*PROBLEM TO WORK ON:*
Look through the data below and return each line where "with" appears.

*DATA:*

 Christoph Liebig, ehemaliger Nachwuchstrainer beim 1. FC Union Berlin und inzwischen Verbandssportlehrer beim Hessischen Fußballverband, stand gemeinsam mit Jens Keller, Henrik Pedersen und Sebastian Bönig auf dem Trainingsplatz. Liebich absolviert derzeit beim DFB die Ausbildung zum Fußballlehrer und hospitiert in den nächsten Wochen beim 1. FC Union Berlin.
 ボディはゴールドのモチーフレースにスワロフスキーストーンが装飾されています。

...

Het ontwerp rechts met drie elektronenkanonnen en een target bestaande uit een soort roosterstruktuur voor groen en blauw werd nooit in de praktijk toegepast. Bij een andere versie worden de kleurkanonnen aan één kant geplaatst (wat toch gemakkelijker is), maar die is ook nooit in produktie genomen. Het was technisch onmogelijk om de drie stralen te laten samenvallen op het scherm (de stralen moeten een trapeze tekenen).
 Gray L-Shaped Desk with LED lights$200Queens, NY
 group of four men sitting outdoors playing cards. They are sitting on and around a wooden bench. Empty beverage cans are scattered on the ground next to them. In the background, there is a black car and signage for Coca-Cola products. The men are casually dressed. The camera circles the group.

--

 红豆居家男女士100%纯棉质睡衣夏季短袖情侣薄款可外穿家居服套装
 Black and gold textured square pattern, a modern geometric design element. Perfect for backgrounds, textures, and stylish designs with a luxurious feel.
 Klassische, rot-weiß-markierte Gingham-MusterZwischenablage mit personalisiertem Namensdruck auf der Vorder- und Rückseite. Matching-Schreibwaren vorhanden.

*RESPONSE:*
 Gray L-Shaped Desk with LED lights$200Queens, NY
 Black and gold textured square pattern, a modern geometric design element. Perfect for backgrounds, textures, and stylish designs with a luxurious feel.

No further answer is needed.